Records contained in a dataset:
********

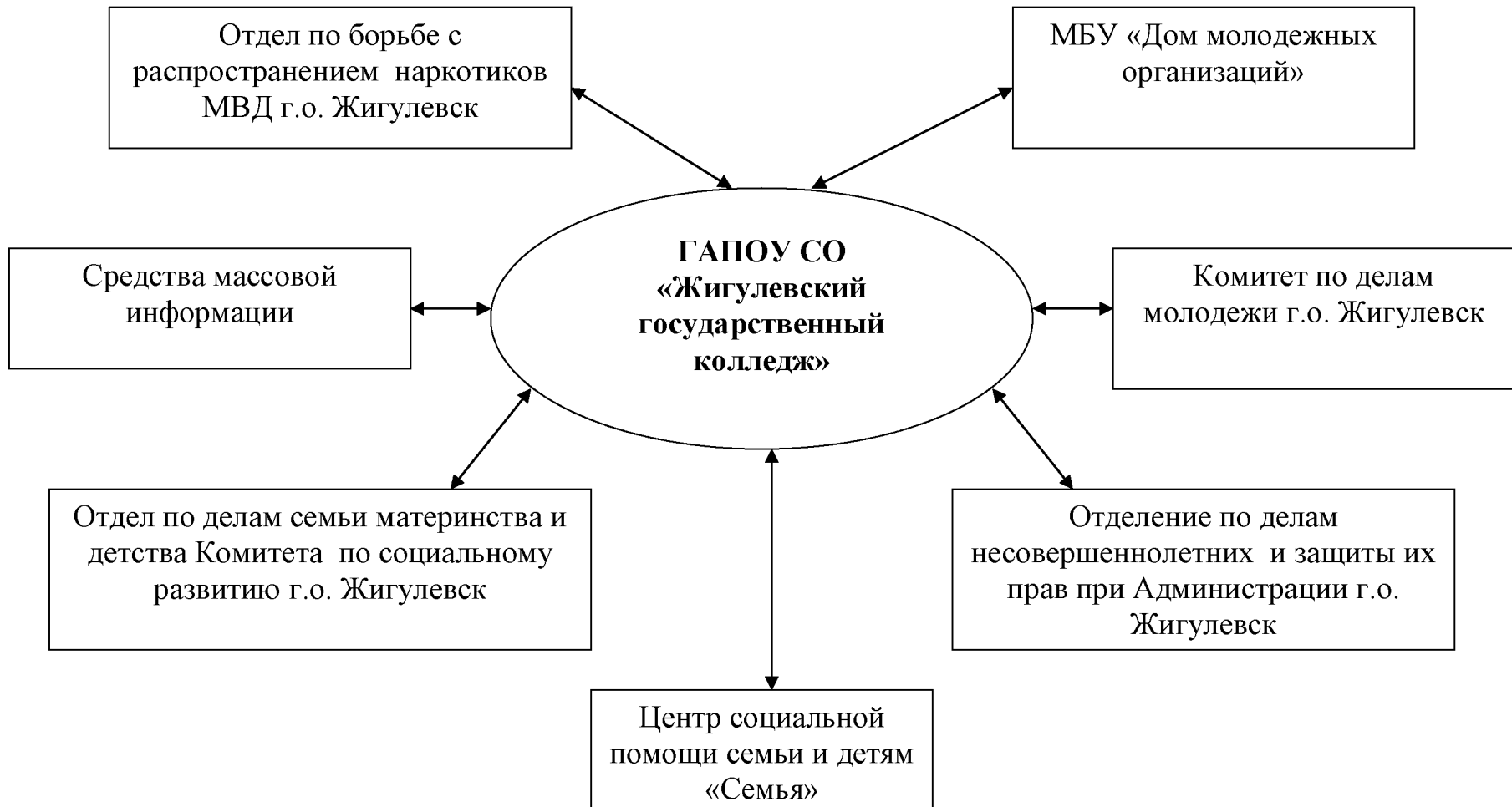
Рис. 2 Структура взаимодействия модели воспитательного процесса ГАПОУ СО «ЖГК» с внешними организациями г.о. Жигулевск.
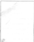
Fotografía tomada en el mes de ..... de 1.....
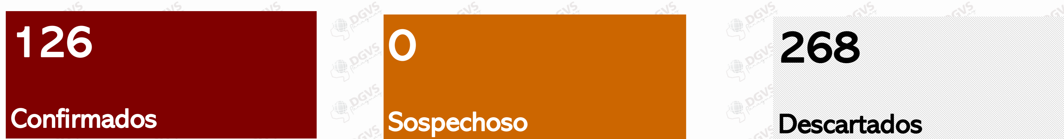
Tabla 2. Casos confirmados reportados por años:
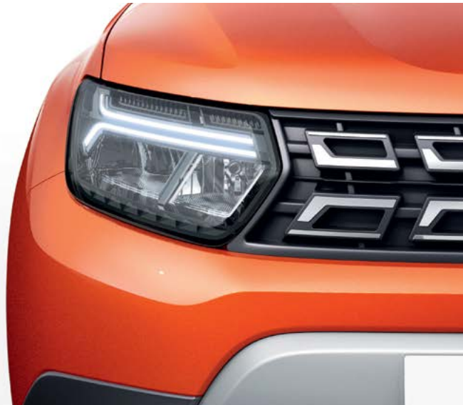
חזית רכב בעיצוב חדש
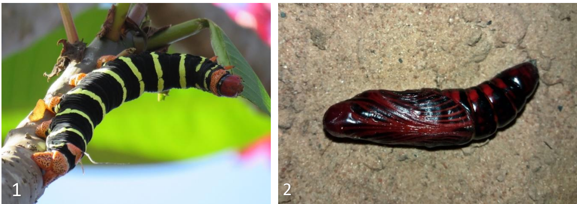
Figs: 1-2: Pseudosphinx tetrio ; 1) larva del ultimo estadio sobre Plumeria sp. Ciudad del Este, Alto Paraná. Fotografía: Nelson Pérez; 2) pupa, colectada como oruga de ultimo estadio en el barrio Recoleta, Asunción.

Aunque no fue posible criar ejemplares desde la puesta, al menos se ha podido registrar un estadio pupal de 22 días para uno de los individuos encontrados en Asunción, coincidente con la duración promedio documentada para la especie en Puerto Rico (Santiago-Blay, 1985).
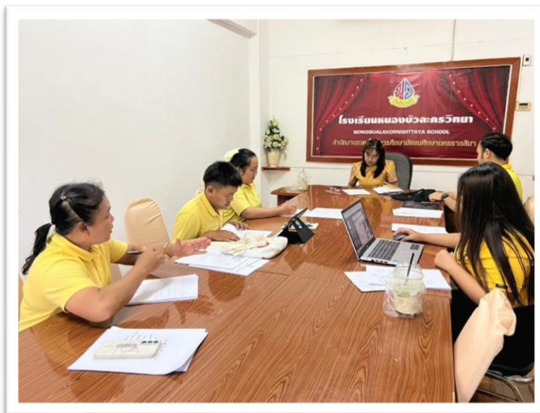
รูปที่ ๑ การประชุมคณะกรรมการขับเคลื่อนหลักสูตรท้องถิ่นสู่กิจกรรมการจัดการเรียนรู้

๑. โรงเรียนจัดทำหลักสูตรท้องถิ่นพร้อมทั้งบูรณาการโดยการน้อมนำหลักปรัชญาของเศรษฐกิจพอเพียง ซึ่งเป็นแนวทางในการดำเนินชีวิตและการประพฤติปฏิบัติตน มาใช้ในกระบวนการดำเนินงาน
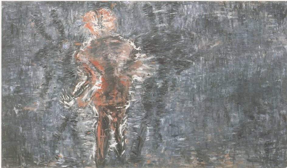
SUSAN ROTHENBERG, JUGGLER WITH SHADOWS, 1987, oil on canvas, 72 x 124¼" / SCHATTENJONGLEUR, Öl auf Leinwand, 183 x 316 cm.

nahende Ende sein – also dessen, was dem «blinden» Künstler bleibt – oder auch Ausdruck der kindlichen Hoffnung auf einen Neubeginn. Tatsächlich ist das Taktile Rothenbergs charakteristischste Begabung. Ihre Pinselführung ist wie jene Twomblys der Gestus einer Künstlerin, die, als Nachkomme der gestischen Tradition des Abstrakten Expressionismus, weiterhin eine kraftvolle Wirkung erzielt dadurch, dass sie locker, kindlich, kapriziös – ja auf eine poetische Weise unbeholfen – ist. Ihr Pinselstrich wirkt gleichsam wie auf elegante Weise «an den Nähten aufgeplatzt» und verzichtet als solcher darauf, das Bildmotiv für sich zu beanspruchen oder Inhaltliches zu vervollständigen.
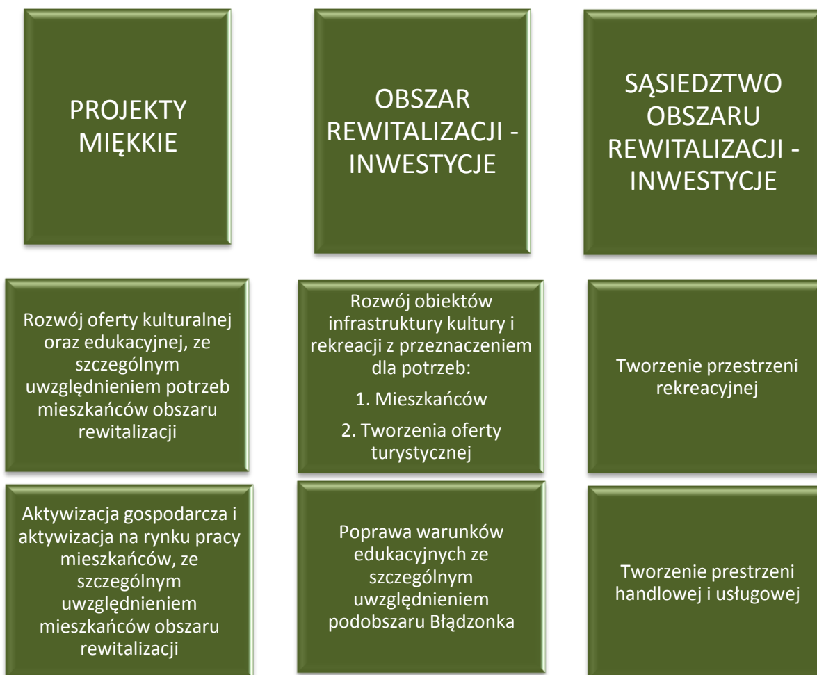
Wykres 1. OGÓLNY MODEL DZIAŁAŃ REWITALIZACYJNYCH

Cel główny: Wyprowadzenie obszaru rewitalizacji Miasta Sucha Beskidzka ze stanu kryzysowego poprzez kompleksową rewitalizację społeczną z wykorzystaniem potencjałów przestrzennych, środowiskowych i infrastrukturalnych.
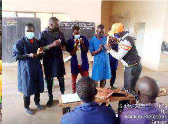
Kankan : de la gauche vers la droite : animation de l'activité « plus légère que l'air » qui vise à promouvoir l'inclusion dans une vie communautaire et « où est ma banane » qui vise à comprendre et respecter la diversité.
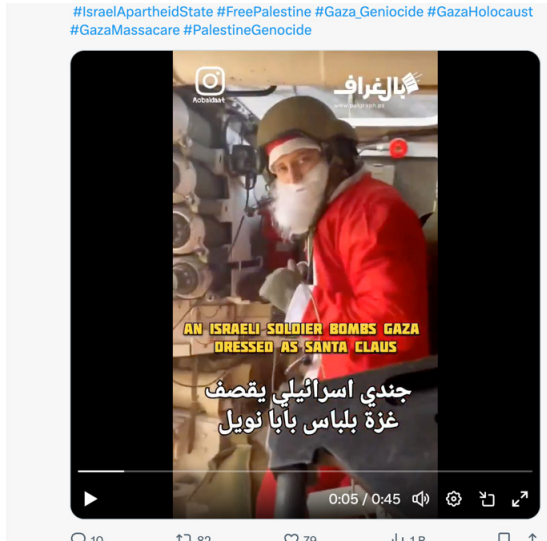
Resim 4. Noel Baba kıyafeti giymiş bir İsrail askeri
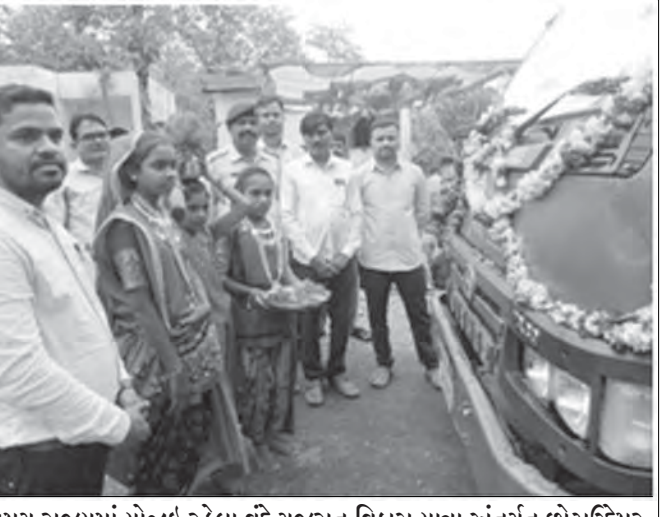
સમગ્ર રાજ્યમાં યોજાઈ રહેલા વડે ગુજરાત વિકાસ યાત્રા અંતર્ગત ઇટાઉદ્દિપુર જિલ્લામાં પણ જિલ્લા પંચાયત બેઠક દીઠ કાર્યક્રમોનું આયોજન કરવામાં આવી રહ્યું છે. જે અંતર્ગત ઇટાઉદ્દિપુર જિલ્લાના જેતપુર પાલી તાલુકામાં આવેલી રવું-સાબવા જિલ્લા પંચાયત બેઠકમાં સમાવિષ્ટ બોરધા ગામે વડે ગુજરાત વિકાસ રથ આવી પહોંચતા ગામના સરપંચ, જેતપુર પાલી તાલુકાના સર્કલ ઓફિસર, રેન્જ ફોરેસ્ટ ઓફિસર, મેડિકલ સ્ટાફ, તલાટી તેમજ ગામના અગ્રણીઓ તેમજ ગ્રામજનોએ રથનું સાર્થક કરી સ્વાગત કર્યું હતું. જે તસ્વીરમાં દ્રશ્યમાન થાય છે.

લઈ જઈ શકશે. અગાઉ મંજૂરી મળ્યા બાદ અરજીમાં દર્શાવેલ સમયગાળા કે મંજૂરી મળ્યાના બ મહિનામાં યાત્રા કરવાની હતી અન્યથા મંજૂરી આપોઆપ રદ ગણાતી હતી, ત્યારે હવે કરાયેલા ફેરફાર અનુસાર હવે યાત્રાની તારીખના એક અઠવાડિયા પૂર્વે અરજી કરવાની રહેશે અને મંજૂરી મળ્યા બાદ અરજીમાં દર્શાવેલ સમયગાળા દરમિયાન અથવા મંજૂરી મળ્યા બાદ બે માસમાં યાત્રા કરવાની રહેશે અન્યથા મંજૂરી આપોઆપ રદ થયેલી ગણાશે. હવે ગુજરાત વાહન વ્યવહાર નિગમની ૧૬ વિભાગીય કચેરીઓમાં બોર્ડ ના એક-એક પ્રોજેક્ટ આસિસ્ટન્ટની નિમણૂક કરવામાં આવશે, જે એસ.ટી./ખાનગી બસ મારફતે પ્રવાસની અરજીઓ સ્વીકારશે તેને મંજૂરી માટે બોર્ડ ખાતે મોકલાવશે.
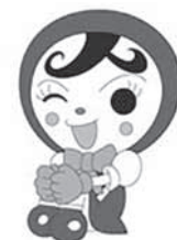
人権イメージキャラクター 人KENあゆみちゃん
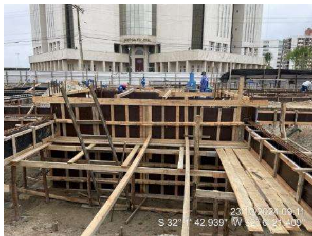
Montagem de formas e armaduras das vigas do elevador
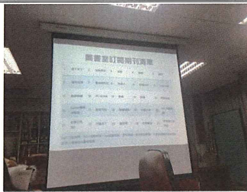
圖說：108/12/05 教學研究會 圖書館期刊說明
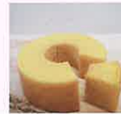
米粉スイーツ販売
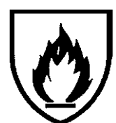
Hitze und Flammen
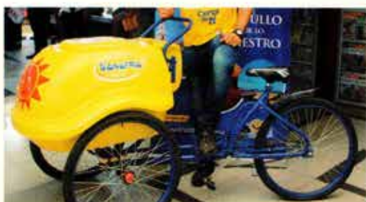
Triciclo de helados
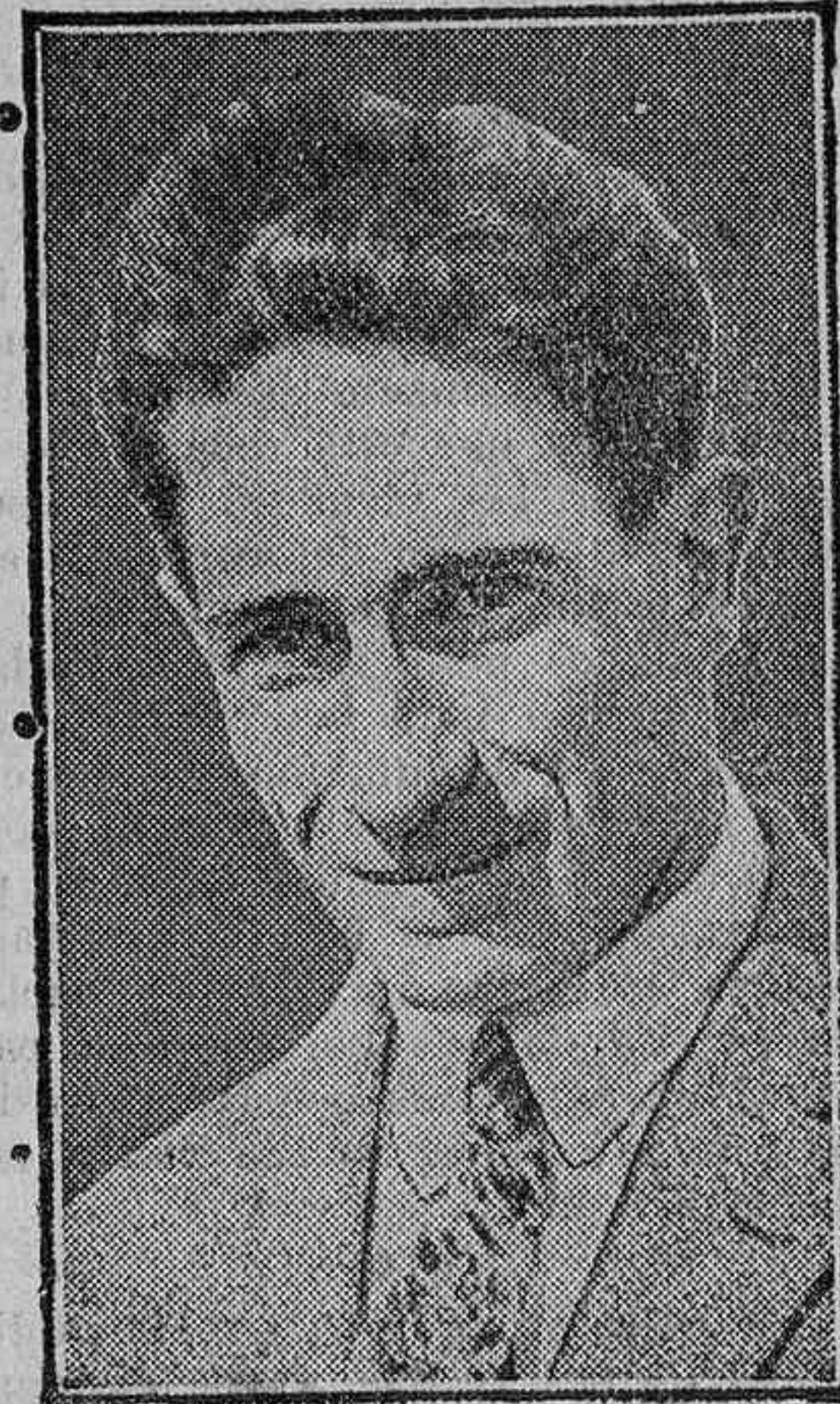
EL PILOTO DROUHIN

Y un seguro de 300.000 francos en favor de su esposa en caso de accidente
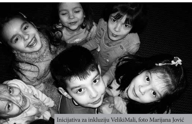
Inicijativa za inkluziju VelikiMali, foto Marijana Jović

Reč inkluzija znači „uključivanje“ i koristi se, u širem smislu, da označi procese demokratizacije jednog društva, prepoznavanje i pružanje podrške grupama koje su na bilo koji način marginalizovane. U užem smislu, ovaj termin označava promene u obrazovanju, a u upotrebu je ušao pojavom koncepta „kvalitetnog obrazovanja za sve“ 14
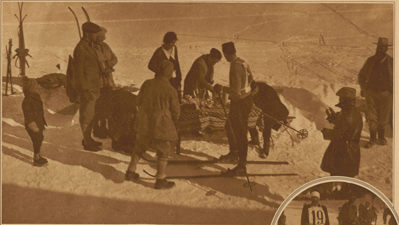
Zwischenverpflegung beim obligatorischen Erfrischungshalt in Berninahäusern
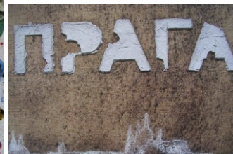
J. G. Dokoupil Výstava v Domě umění, 2005
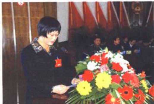
陈志芳副主席政协五届二次会议 上作《政协工作报告》
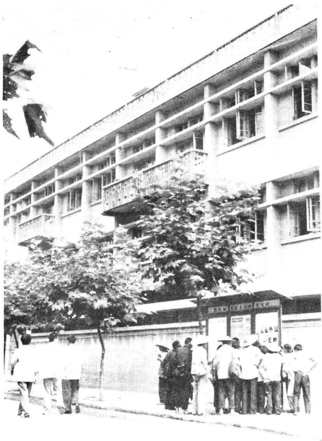
新都县卫生局办公楼
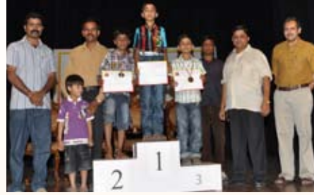
50 ಮೀಟರ್ ಓಟ (6-8 ವರ್ಷ) ಸ್ಪರ್ಧೆ ವಿಜೇತರು
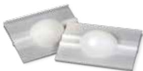
Mikrofluid-Mixer , gedruckt in Visijet SL Flex
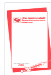
¿POR NUESTRA SALUD? CAS MADRID
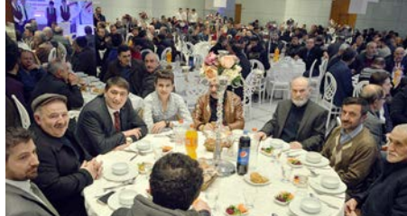
Program Kültür Balo Dügün Salonu'nda yapıldı.

■ Çorum Elektrik, Elektronik, Telefon, Beyaz Eşya Servisi ve Su Tesisatçıları Odası Başkanlığı tarafından birlik ve beraberlik gecesi düzenlendi. *HABERİ 10'DA
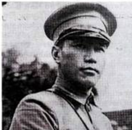
ЛИДЕР ГОМИНЬДАН ЧАН КАЙШИ
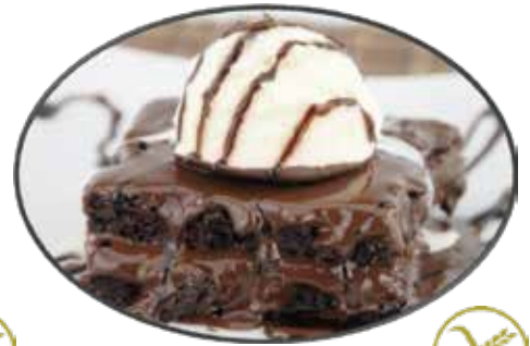
3. Brownie et glace à la vanille 7.35

********

- What to do -
Among the lines above, count those containing "Fotografía" and give only that count.

- Finished task -
2